Above is one of my methods. It reads a part of a file (scores[]) and determines what letter grade they are. What I need to know how to do is store the letter grade in an array I have already crated called grades[].


grades[r] = 'A'; (and similar for others)

This assumes grades is of same length as scores


This looks suspiciously like a homework assignment, so look at how you access the scores array, and how you access the grades array. Do you see the difference?


Try this:

public void calculateGrade(int [] scores, char [] grades){
    for (int r = 0; r < scores.length; r++){
        if (scores[r] > 90)
            grades[r] = 'A';
        else if (scores[r] > 80)
            grades[r] = 'B';
        else if (scores[r] > 70)
            grades[r] = 'C';
        else if (scores[r] > 60)
            grades[r] = 'D';
        else
            grades[r] = 'F';
    }
}


grades = 'A';

A is of type char while the identifier grades is of type char[]. What you have to do is to accumulate the grades in the array using [] operator. Also you should return grades once you are done with the for loop and not at the first iteration.

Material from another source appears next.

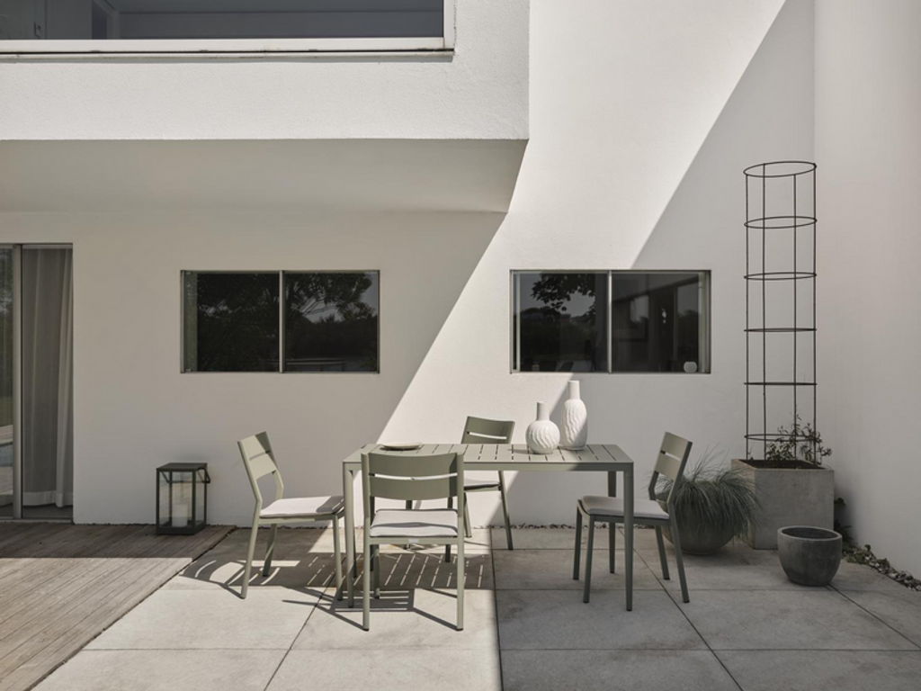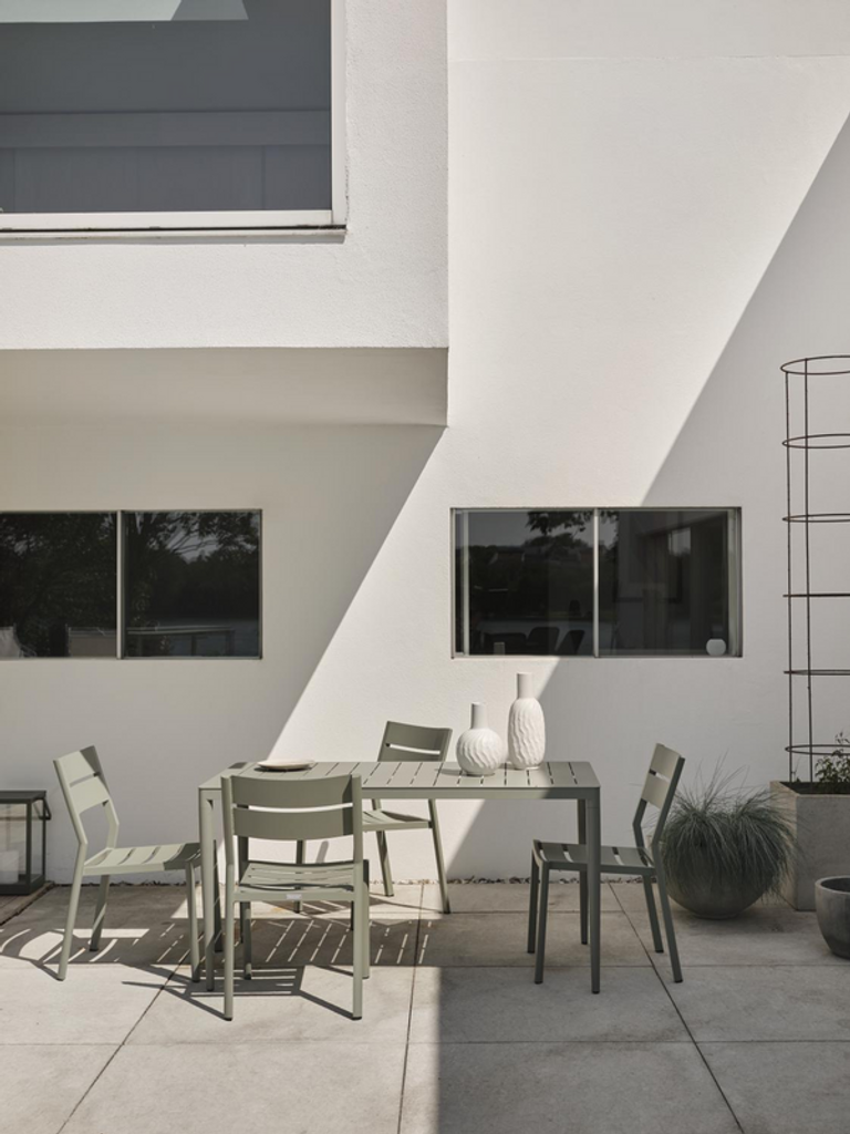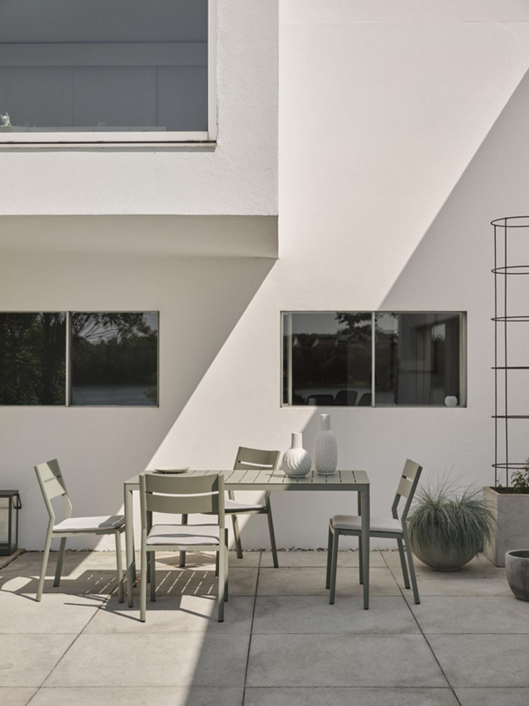 Stilrent matbord i tålig aluminium med urban känsla, perfekt för utomhusbruk året runt.

Make sure that the length of array grades is equivalent to scores.


public char calculateGrade(int[] scores)
{
    char grade = 'F';
    for(int score : scores)
    {
        if(score >= 90) grade = 'A';
        else if(score >= 80) grade = 'B';
        else if(score >= 70) grade = 'C';
        else if(score >= 60) grade = 'D';
        else grade = 'F';
    }
    return grade;
}


Avoid side-effects in functions, where possible, consider this as an alternative approach:

// Given a score, return the appropriate Grade for it.
public char calculateGrade(int score){
   // See function contract.
}

// Later...
int scores[] = {10,70,50,90};
int grades[] = new char[scores.length]; // but really, use an ArrayList or simialr...
for (var i = 0; i < scores.length; i++) {
   // We used this form of "for" to keep an index
   grades[i] = calculateGrade(scores[i]);
}

// And perhaps there might be a function like this as well:

// Given a set of scores, get the associated grades.
public char[] calculateGrades(int[] scores) {
   // See above.
   // Note how this avoids mutating an input parameter.
   // Keeping functions "more refined" also generally helps.
}

Happy coding.


All of what I'm seeing doesn't consider the fact that it would seem as though you are attempting to pass by reference, which cannot be done in java. You either need to change the return type of your method (currently it is expecting a single character), or have the method just access a global variable, rather than passing it a variable. It does look like homework so I'm not going to go any further.